Tgr created this task.Jan 24 2010, 11:48 AM

rd232 wrote:

*** Bug 24169 has been marked as a duplicate of this bug. ***

I wouldn't want a new magic word. May a config option, if NOINDEX should also apply to internal search would do.

rd232 wrote:

(In reply to comment #2)

I wouldn't want a new magic word. May a config option, if NOINDEX should
also apply to internal search would do.

I doubt that if MediaWiki had that option, Wikimedia projects would use it: NOINDEX hiding content from internal search is usually not the desired behaviour for existing uses of NOINDEX. Equally, it's not certain that NOSEARCH uses should be hidden from search engines. Just provide both, for flexibility.

Restricted Application added projects: Discovery, Discovery-Search. · View Herald TranscriptNov 16 2017, 5:09 PM

One concern here is the potential for abuse if people can mask content from internal search.

Another concern here is that some people use __NOINDEX__ with the specific intention of excluding content from external search engines, but continuing to include that content in internal search engines. A separate magic word such as __NOSEARCH__ might address this.

debt added a subscriber: debt.

We'll need more information on the use cases for doing this and there might be (already) a different way to go about this.

Why not just exclude every redirect page from search and dropdowns? I don't see a reason, why any redirects should show up in a search box.

@Bachsau, there's quite a few reasons why we'd want to have redirects appear in the search box. Two examples off the top of my head. Common misspellings of article titles are often created as redirects. The article for "Mississippi" has 9 redirects for misspellings alone. :) Colloquial names for things as well. "Show Me State" redirects to the article on the state of Missouri, USA as it's the state's motto. I hope that helps explain a few reasons why we just can't exclude them all.

The article for "Mississippi" has 9 redirects for misspellings alone. :)

In that case, it should be enough to have "Mississippi" appear once in the dropdown in correct writing, if the search term matches a page redirecting to it. Redirects would still work, but we don't need them appear in a dropdown box. Instead, it would just look like an autocorrection.

Tgr added a comment.Mar 4 2018, 7:19 AM

Another use case is abusive user names.
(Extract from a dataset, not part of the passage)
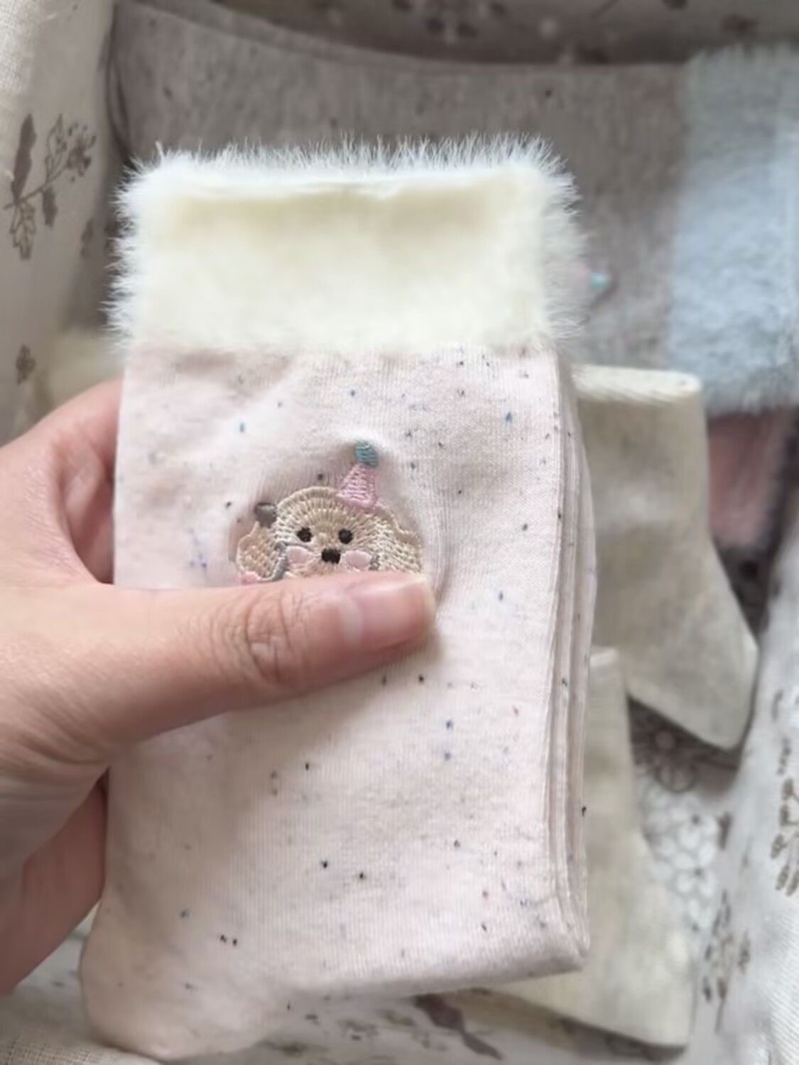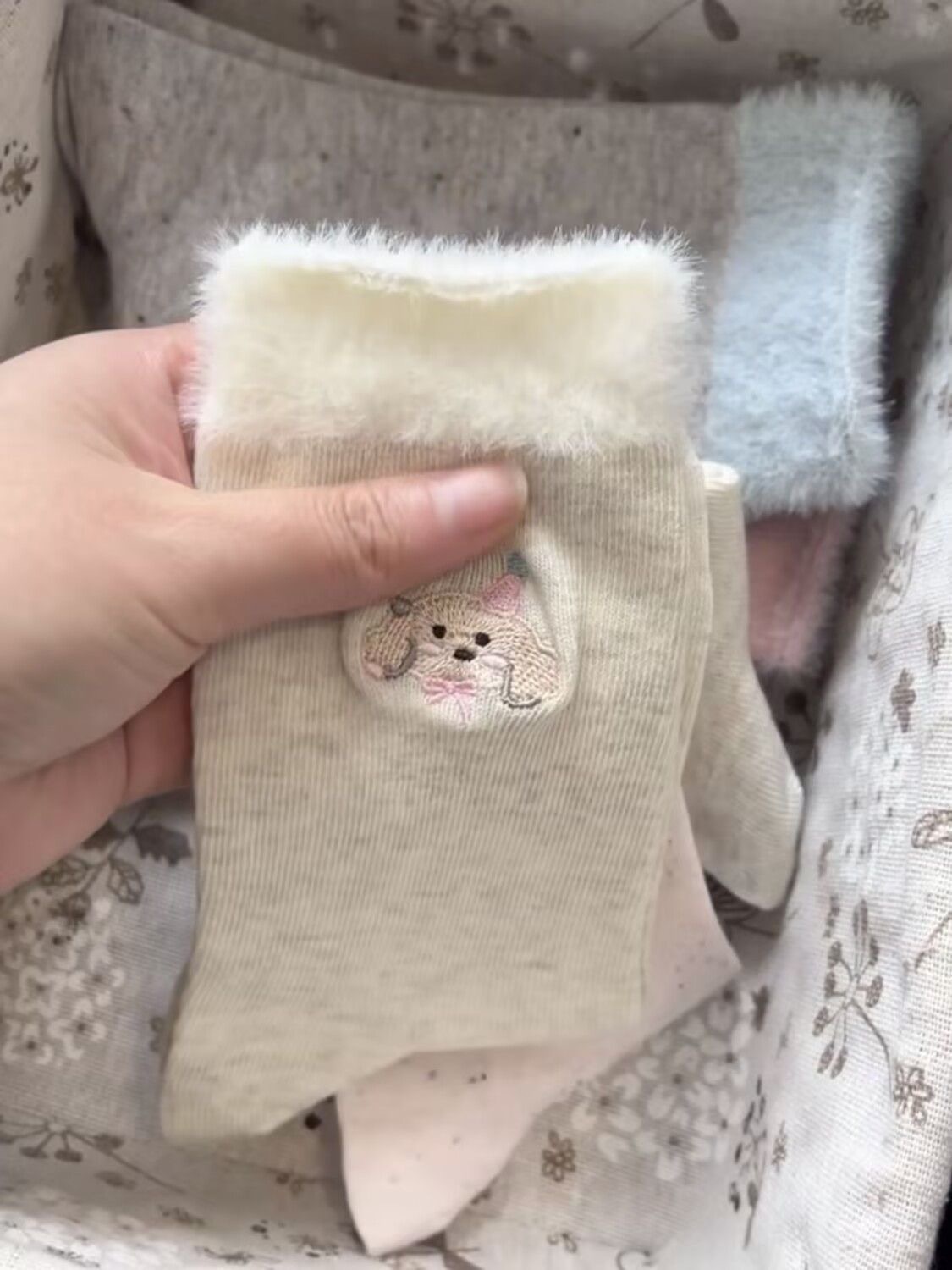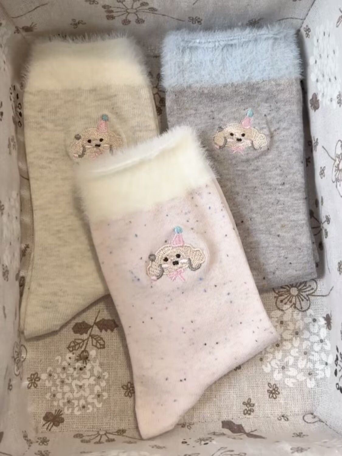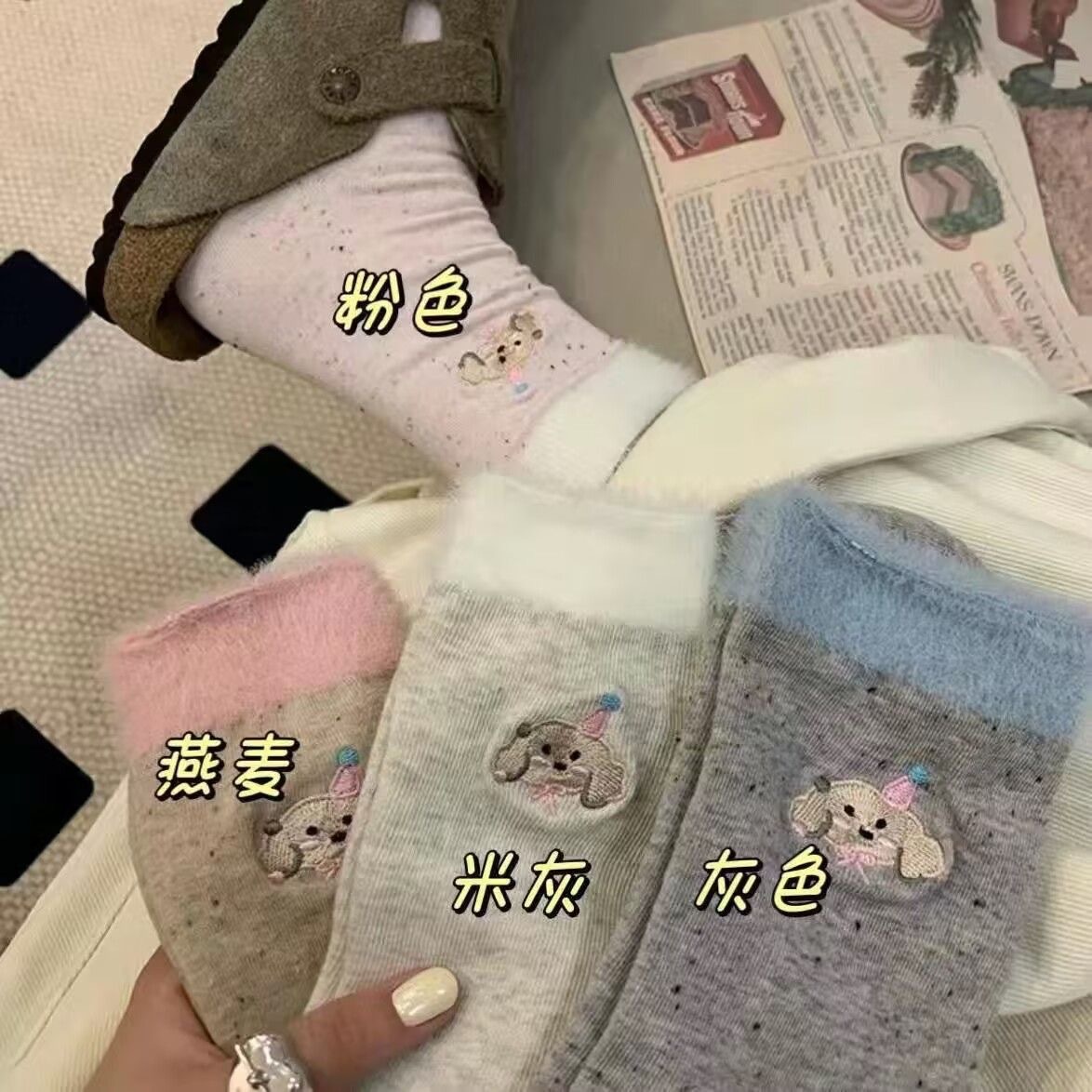 겨울 새로운 Ins 트렌디 한 봉제 가장자리 양말 여성 바느질 만화 귀여운 강아지 중간 배럴 독특한 패션 문 양말스토어 가기
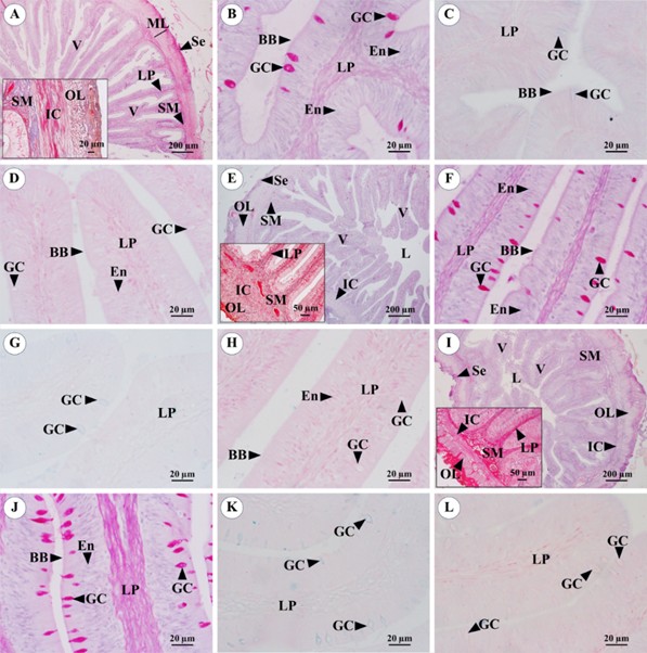 Figure 5 (5A) - (5D): Anterior intestine of M. favus. (5E) - (5H): Middle intestine of M. favus. (5I) - (5L): Posterior intestine of M. favus. (5A): Distinct layers and villi (V), consisting mucosa, submucosa (SM), muscular layer (ML) and serosa (Se). The box representing an enlarged view of submucosa and muscular layer (inner circular (IC) and outer longitudinal (OL) layers). (5B), (5C) and (5D): Villi of anterior intestine, with strongly PAS-positive, weakly AB pH 2.5-positive and AB pH 1.0-negative goblet cells (GC), respectively. (5E): Distinct layers and villi of middle intestine and the box illustrating an enlarged view of submucosa and muscular layer. (5F) - (5H): Strongly PAS-positive, weakly AB pH 2.5-positive and AB pH 1.0-negative goblet cells, respectively. (5I): Distinct layers and villi of posterior intestine and the box illustrating an enlarged view of submucosa and muscular layer. (5J) - (5L): Strongly PAS-positive, weakly AB pH 2.5-positive and AB pH 1.0-negative goblet cells, respectively. Brush border (BB), enterocyte (En), lamina propria (LP), lumen (L). (5A, 5E, 5I: H&E), (5B, 5F, 5J: PAS), (5C, 5G, 5K: AB pH 2.5), (5D, 5H, 5L: AB pH 1.0), (the box in (5A), (5E), (5I): MT).

The user pages of these are usually templated for transparency, but that means writing the abuse target's name in the search box gives abusive results in the dropdown.
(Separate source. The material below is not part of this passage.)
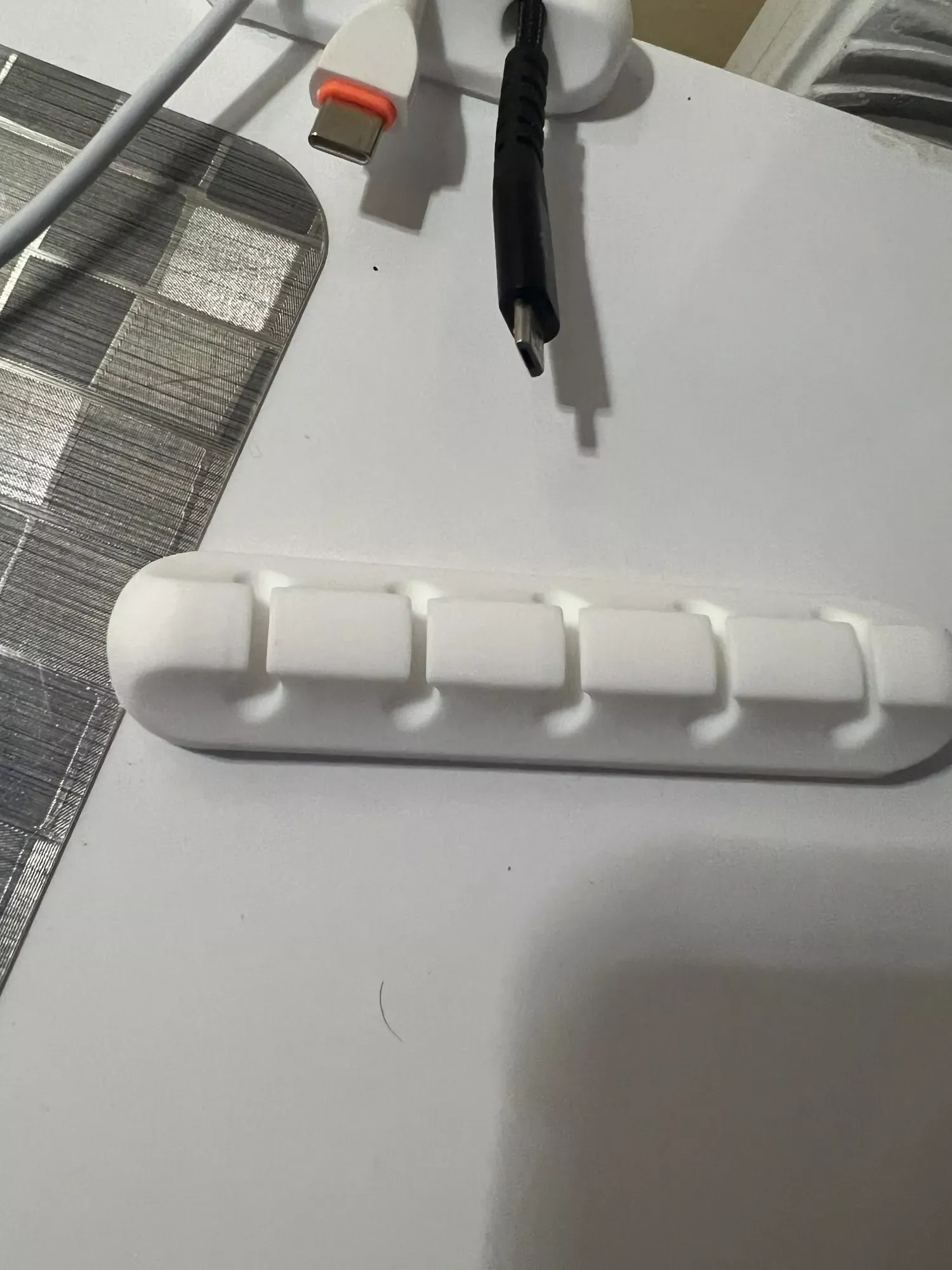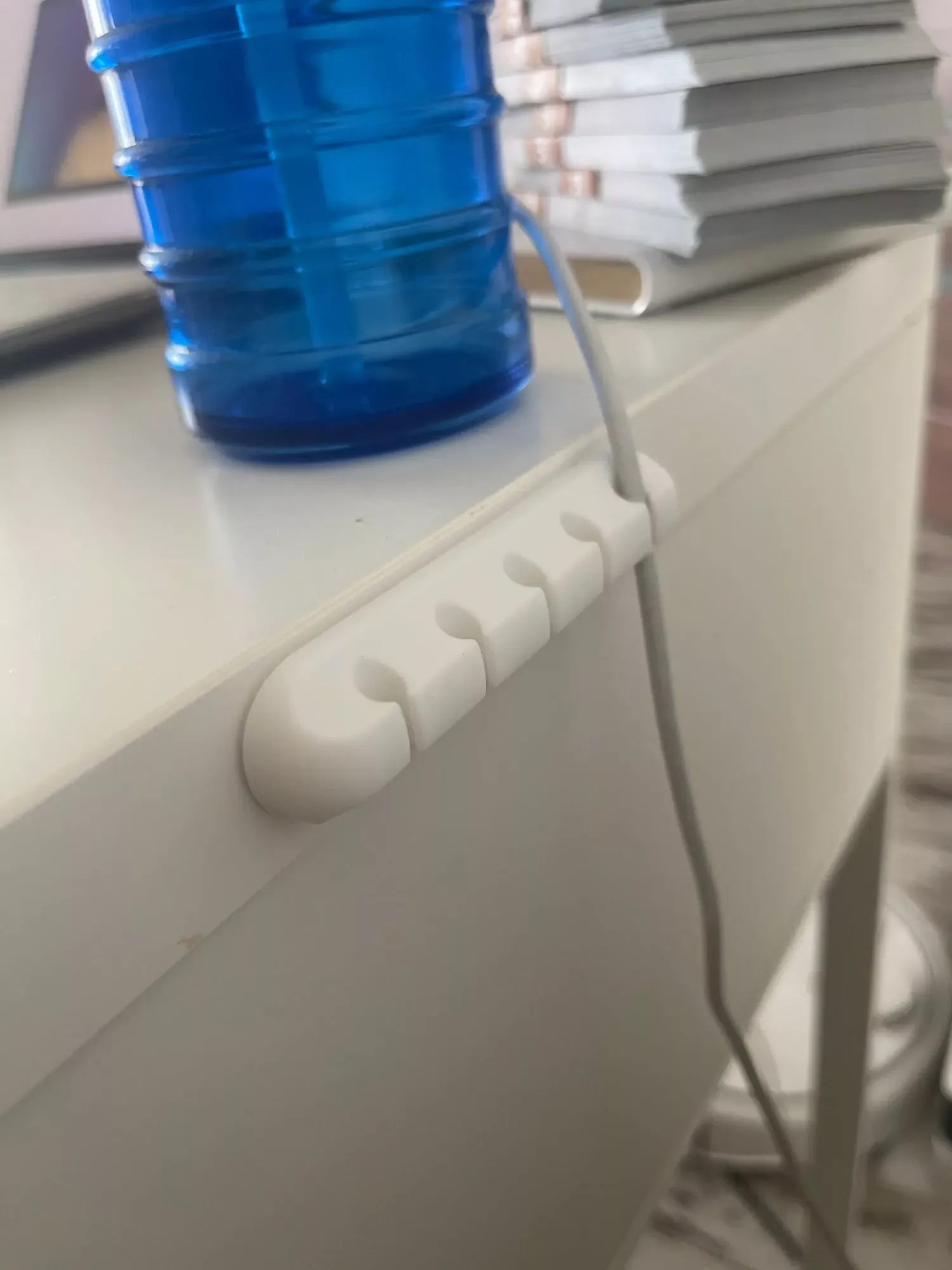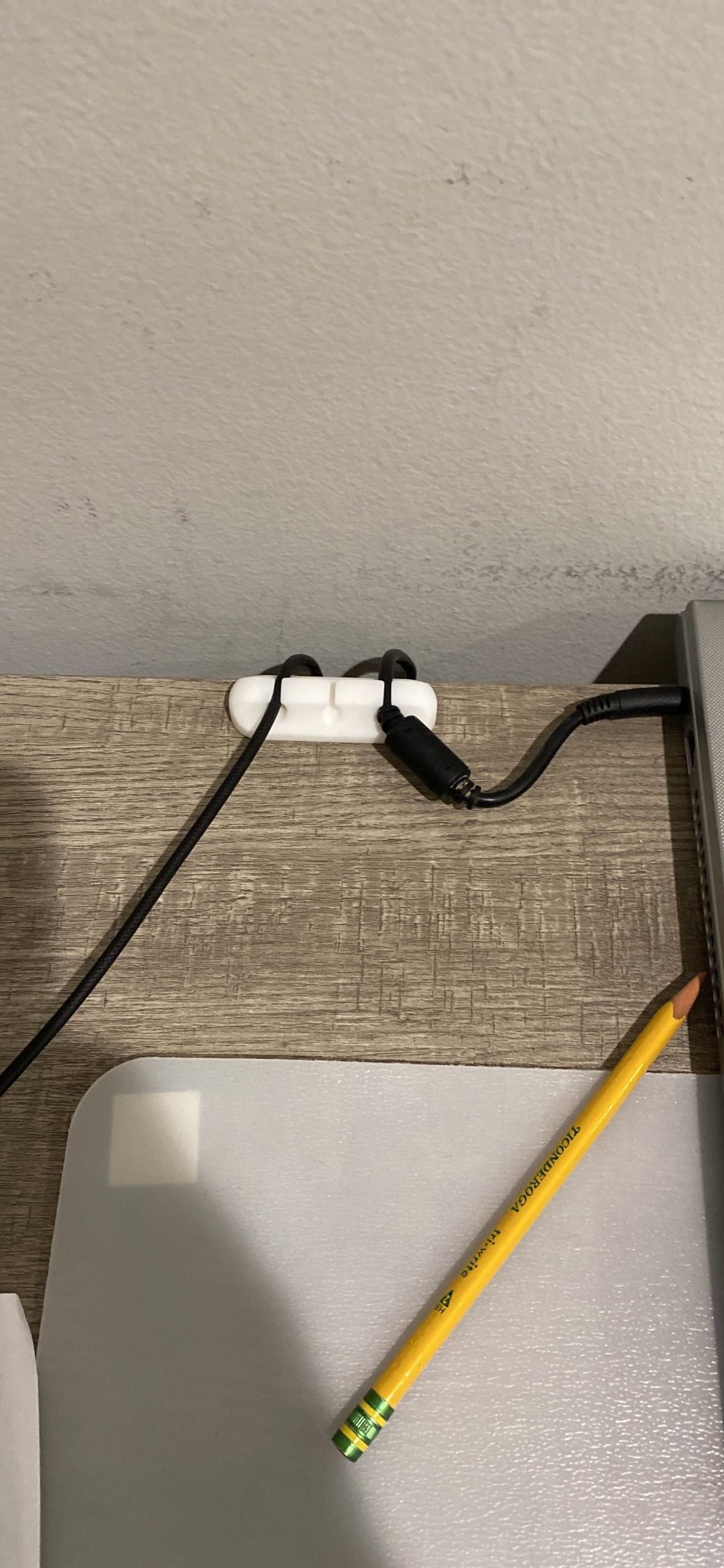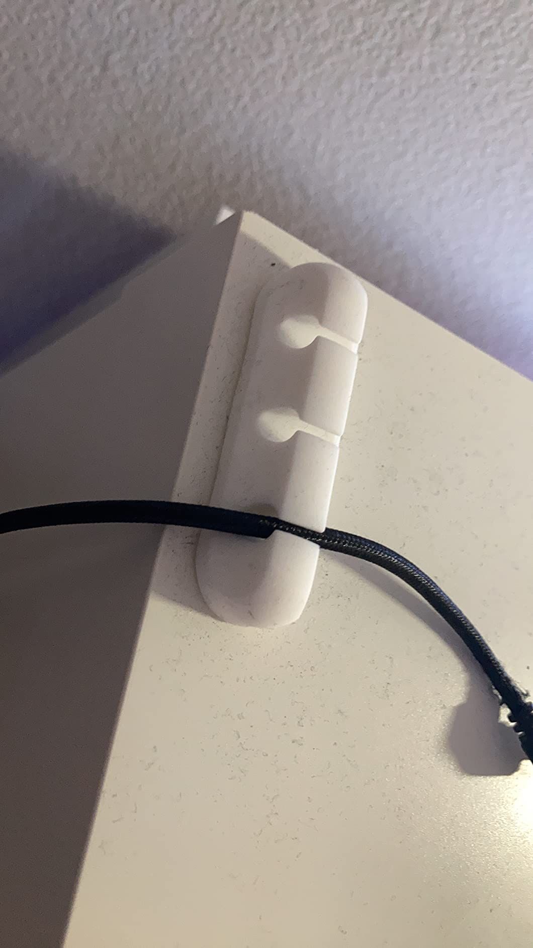 I attached this to my bedside table to keep my phone cord accessible while my baby sleeps. It’s been working well and blends nicely with my white table.

One concern here is the potential for abuse if people can mask content from internal search.

I think abuse is not typically found by searching for it, but marked pages could be added to a service category if reviewing them is a concern.

Legoktm added a subscriber: Legoktm.Mar 4 2018, 7:44 AM
In T24251#4021783, @Tgr wrote:

Another use case is abusive user names. The user pages of these are usually templated for transparency, but that means writing the abuse target's name in the search box gives abusive results in the dropdown.

Abusive user names should be hideuser-blocked so they don't appear in search results / for normal users.

Tgr added a comment.Mar 4 2018, 8:01 AM

Abusive user names should be hideuser-blocked so they don't appear in search results / for normal users.

AFAIK that doesn't prevent the user page from appearing in search results, since it is a page that exists (it has a template saying why the user got blocked). Also hideuser is an oversight right so not available on most wikis. (Maybe that should be fixed; IMO it would make sense to allow admins to hide users as they can mostly do it already, but in a very cumbersome way.)

Krinkle renamed this task from Magic word to remove page from (quick)search results to Magic word to remove page from internal MediaWiki search results.Mar 22 2018, 12:06 AM
Krinkle updated the task description. (Show Details)
Krinkle removed a subscriber: wikibugs-l-list.